By: Laurie Halse Anderson / Narrated By: Bailey Carr

Length: 6 hrs and 12 mins

Quick! Answer this: What teenager wants to listen to stuff about a yellow fever epidemic in 1793?!?

Answered that question yet? One wonders how Laurie Halse Anderson will make Fever 1793 feel real and relevant to Teens. Forget about adults who like dabbling in good fiction for teens and young adults.

Seriously. While she does bring the fear and hardship of the yellow fever epidemic in Philadelphia in 1793, her characters aren’t so well-developed that I’d think teenagers would be fully engaged in the audiobook. Mattie starts out as a whiny, labor-dodging young girl, almost a woman. Bailey Carr narrates it so well that Mattie’s every whine, every snivel is brought boldly to life. MOST unlikable!

And she doesn’t change much throughout the book. Even when things are dire, she’s determined but pretty much feckless. She refuses to go this where and that, but rather clings to others who will do for her what she fairly can’t do for herself. I simply lost patience with her several times during the book.

And things wrap up in a neat little package, all tied up with a bow. Mattie and her mother and grandfather and friend/servant/free-woman run a coffeehouse which is vandalized and wiped out by desperate people and thieves during the height of the epidemic, but for some reason, they’re able to get it up and running with no problem, able to run it with few staff, become so successful it’s laughable (oh, I’m sorry—that’s kinda a spoiler; my sincerest apologies!).

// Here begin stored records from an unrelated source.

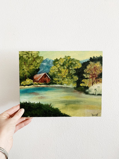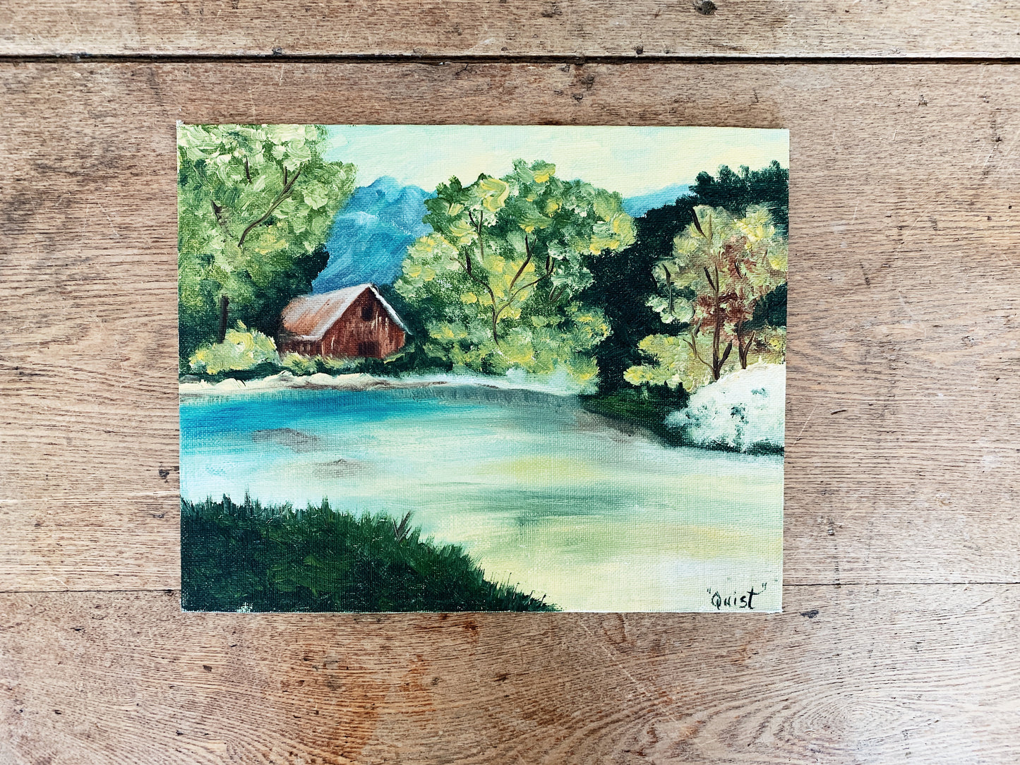 Vintage landscape painting on canvas panel. Love those mountains in the distance.
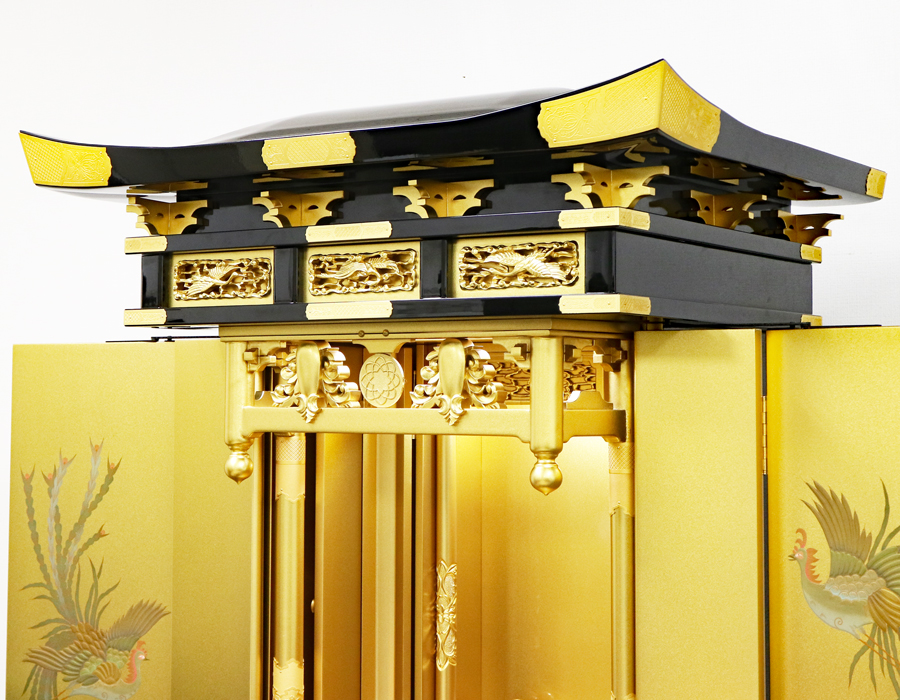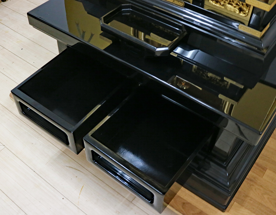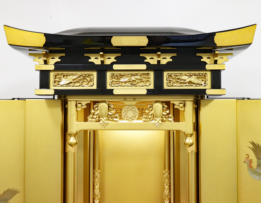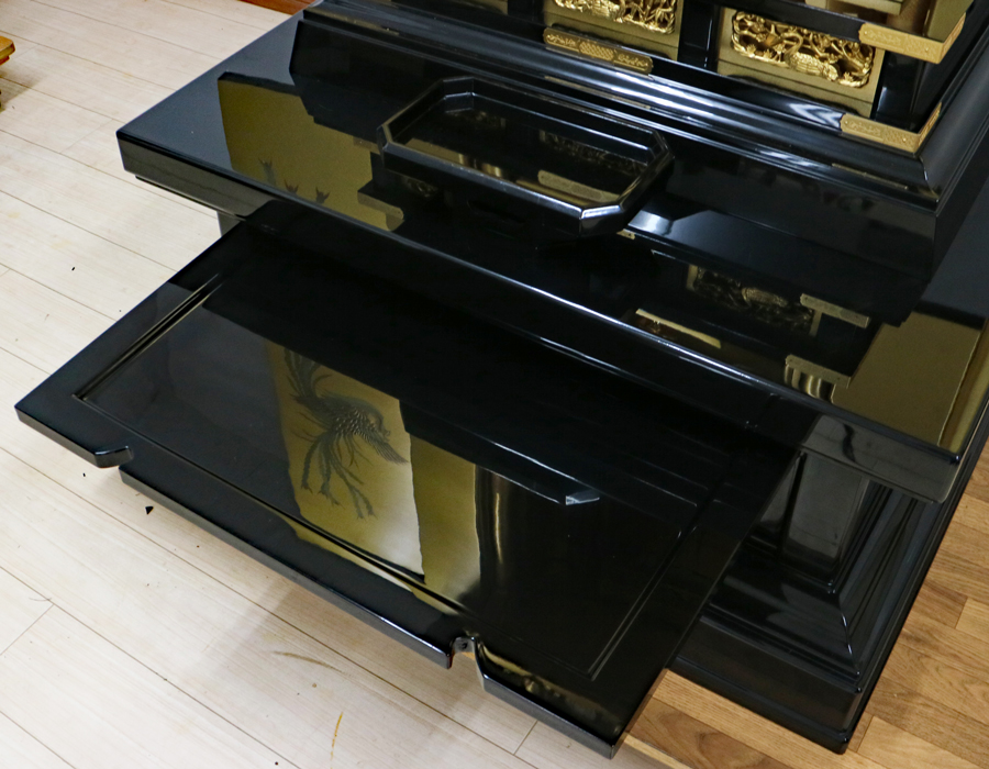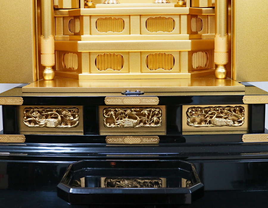 厨子下の部分に細部こだわる彫が施されており、黒と金のコントラストが美しいデザインとなっております。
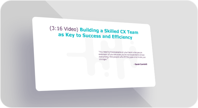 (3:16 Video) Building a Skilled CX Team as Key to Success and Efficiency “You need to have people on your team who are an extension of you because you're not expected to know everything. Hire people who fill the gaps and make you stronger.” - Sarah Caminiti
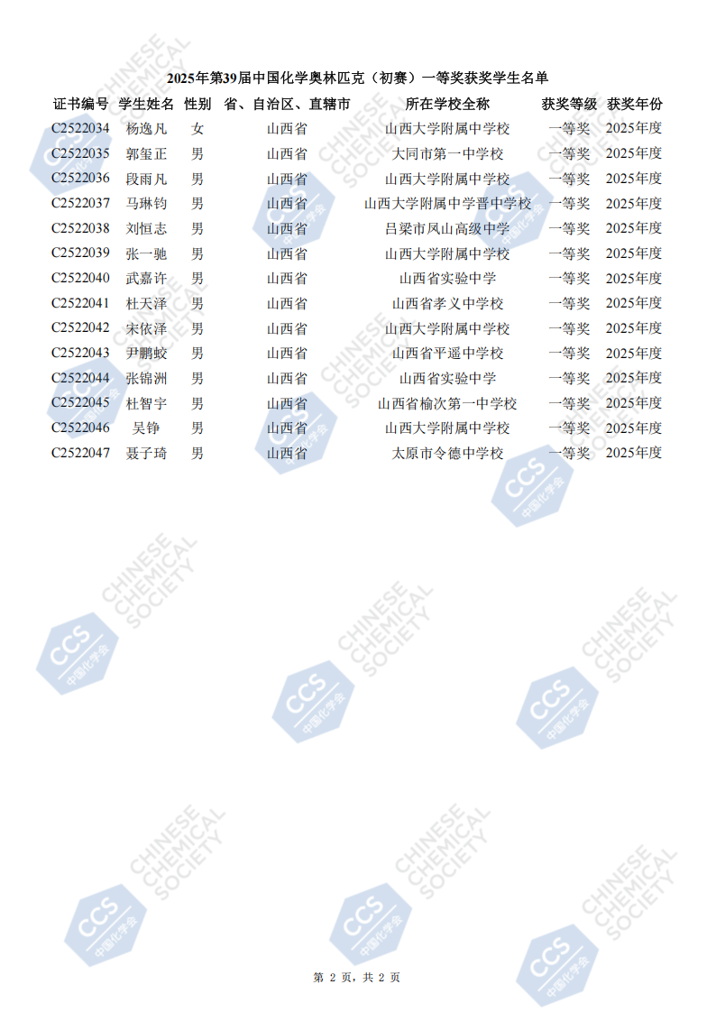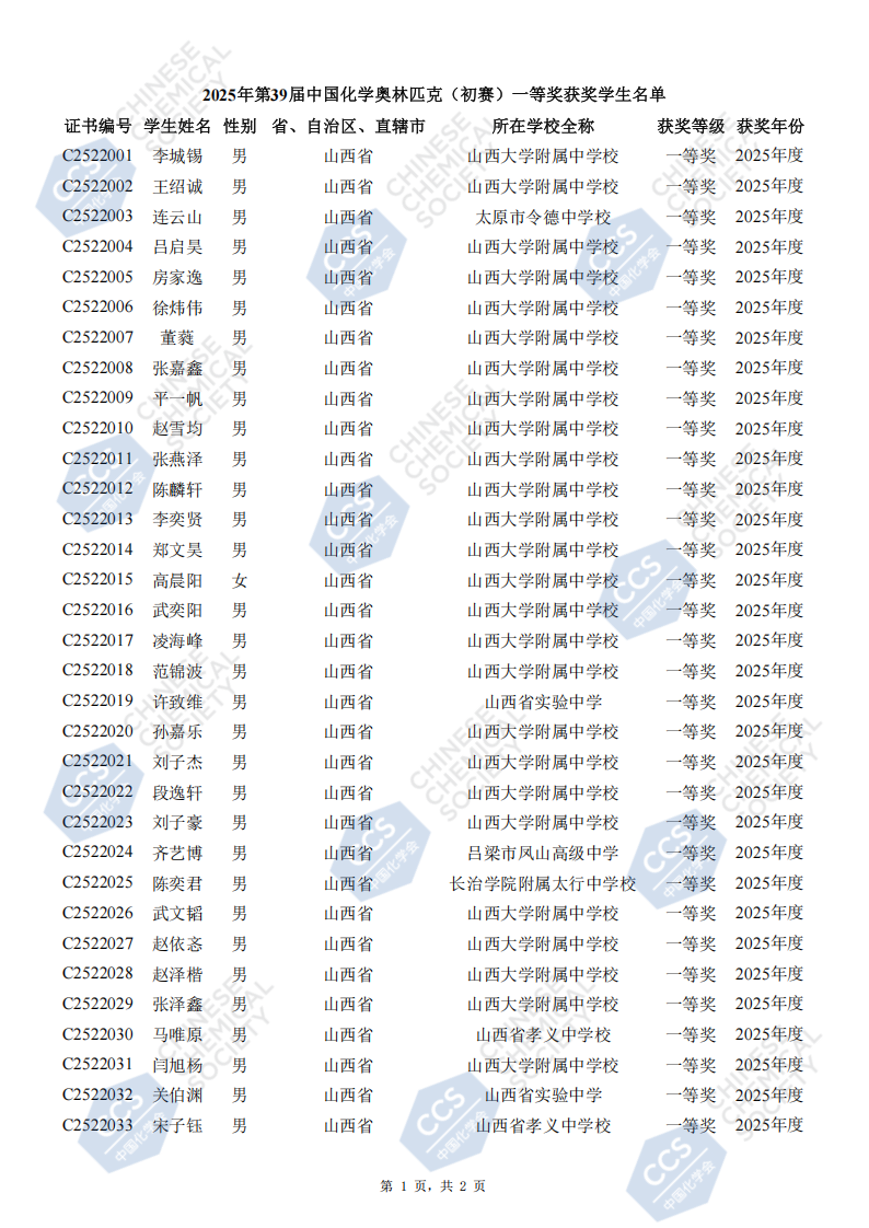 山西省2025年中学生化学竞赛初赛省一等奖获奖名单
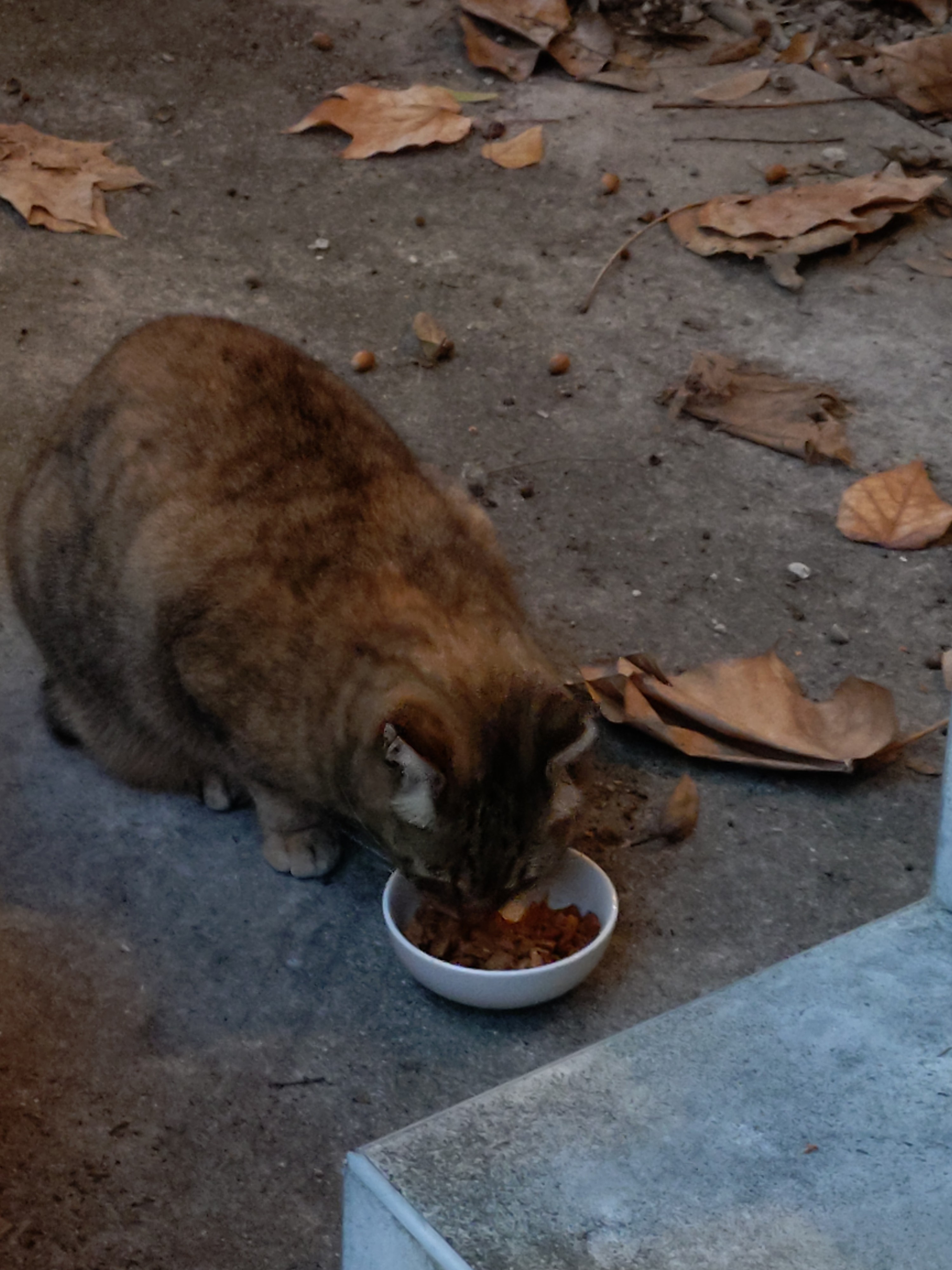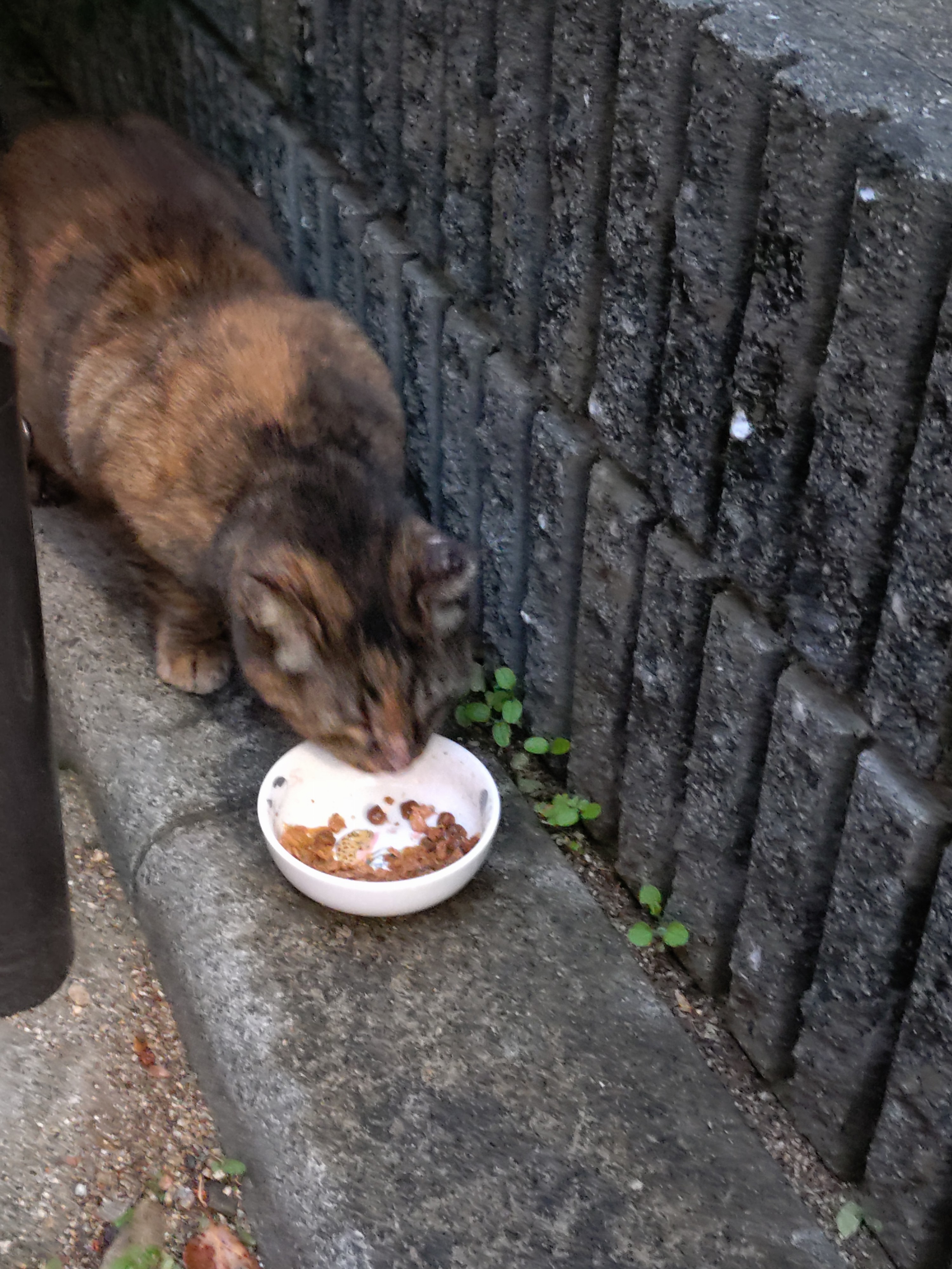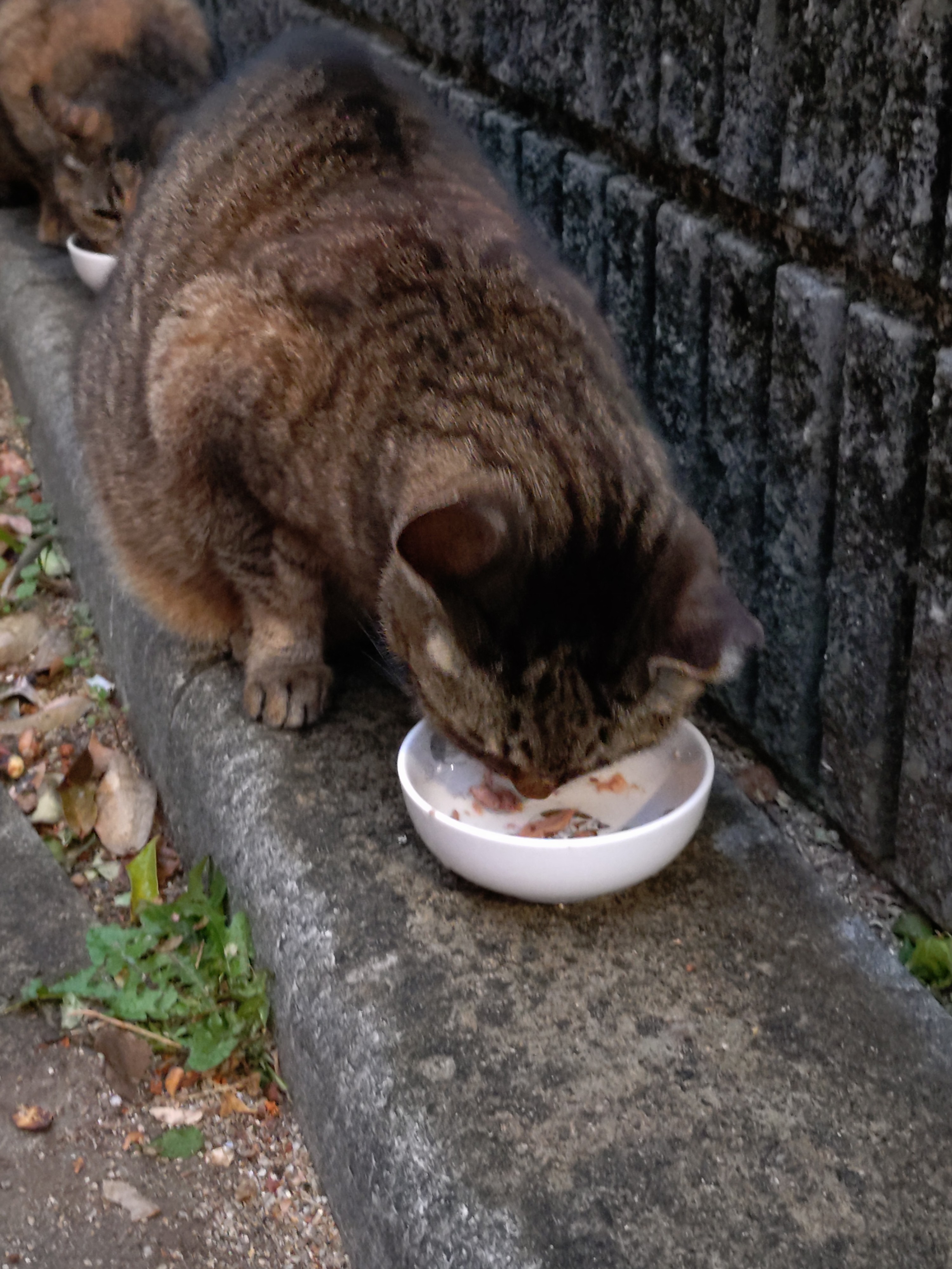 今日は猫の朝ご飯は5匹とも全員が元気に出て来てた。やはり、1匹でも顔を見ないと気になるんや😢

Add to that Carr’s all-in narration. If somebody yells, she yells (and people exclaim A LOT in Fever 1793!); if somebody begs, the woman is practically down on her knees in the recording booth, wailing her heart and lungs out. It’s absolutely impossible to listen to this audiobook when you’d like to be unnoticeable. I listen overnight, and boy—with Mattie’s feathery soft voice being almost inaudible, followed by shrieking and wailing—I was rushing like crazy to adjust the volume in attempts to hear, to silence. Plus, she makes Mattie sound like a really, really young girl. I didn’t buy the steely determination at the end.

I’ve listened to Speak by the same author, thinking this would be another great book. But Speak was immediate and modern. Fever 1793 is based in an entirely different era and, while she obviously did some heavy-duty research, it doesn’t strike me as true to its era. It has some old-fashioned language, but mostly, it just sounds like a modern girl who tosses off an olden word every now and then but, is quite modern.